Exosomes, peptides and peri-procedure management – comparative investigations
Introduction: Exosome technology is a promising new advancement in therapeutic options but is still in its early stages, leading to uncertainties. A small pilot study compared traditional peptide technology (Regenerating Skin Nectar with TriHex Technology® and TriHex Technology® peptide + Octapeptide) to two leading exosome products (Stem cell derived Lyophilized exosomes and Platelet derived exosomes) for post-procedure use. These studies were carried out on pre-clinical (ex vivo) and clinical front to investigate effects on the extracellular matrix, dermo-epidermal junction, and skin tolerance as post-procedure outcomes.
Methods and materials: The ex vivo model study was conducted by 3D Genomics using photodamaged skin from facelift patients. The skin was divided, processed under BSL2 conditions and cultured in transwells with specific media. Treatments, including peptides and platelet-derived products, were applied daily for 7 days, while stem cell-derived exosomes were applied as a single application as per the described usage. One set was left untreated as a control.
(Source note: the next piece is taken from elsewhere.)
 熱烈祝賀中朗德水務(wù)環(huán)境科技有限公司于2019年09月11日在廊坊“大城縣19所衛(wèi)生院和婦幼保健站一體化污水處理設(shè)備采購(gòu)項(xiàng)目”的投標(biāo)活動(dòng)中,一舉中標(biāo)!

Skin samples were treated and analyzed using immunohistochemistry staining for tropoelastin and CD44. RNA was isolated after treatments and sequenced to assess changes in gene expression. The study aimed to compare the effects of different treatments on skin regeneration and tolerance. Clinically, the participants underwent microneedling of the face and applied exosomes and peptides on each side of the face as comparisons. Participants completed questionnaires on Day 0. On Days 0,1,2,3 and 4 participants completed their self-healing ratings and were also assessed by an assessor on their healing rating on a 5-point scale.
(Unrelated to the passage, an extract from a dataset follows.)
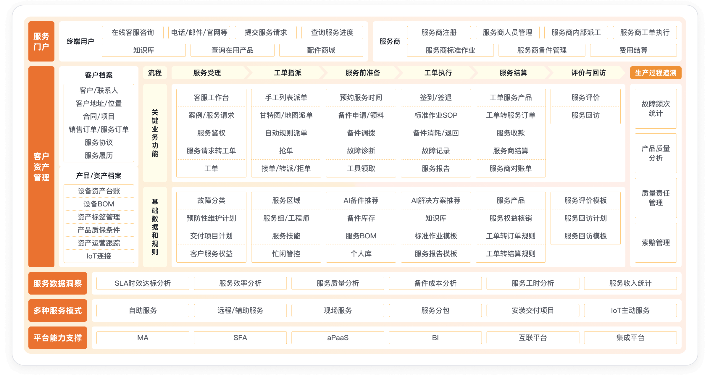 围绕问题到解决(ITR)核心流程,打造全场景的数字化售后服务体系,实现服务接入、派单、现场服务、备件管理、设备资产管控的全流程标准化,大幅提升服务效率和客户满意度。

Results: The plated exosome products exhibited significant toxicity in the ex vivo model and neither of the exosome products produced relevant changes in gene expression or regenerative effects in this model. Participants in the small clinical series experienced unpleasant burning and stinging in keeping with the effects seen in the ex vivo model. In contrast, the peptide technology showed favorable gene expression upregulation and histological changes in the extracellular matrix and was well-tolerated and comfortable for post-procedure use, as has been demonstrated in multiple clinical trials.
Conclusion: The overall impression from these pilot studies suggests that peptide formulations are better tolerated and more effectively target ECM regenerative effects. Conversely, exosome preparations appear to be prone to skin reactions and lack clear targeting of skin regenerative pathways.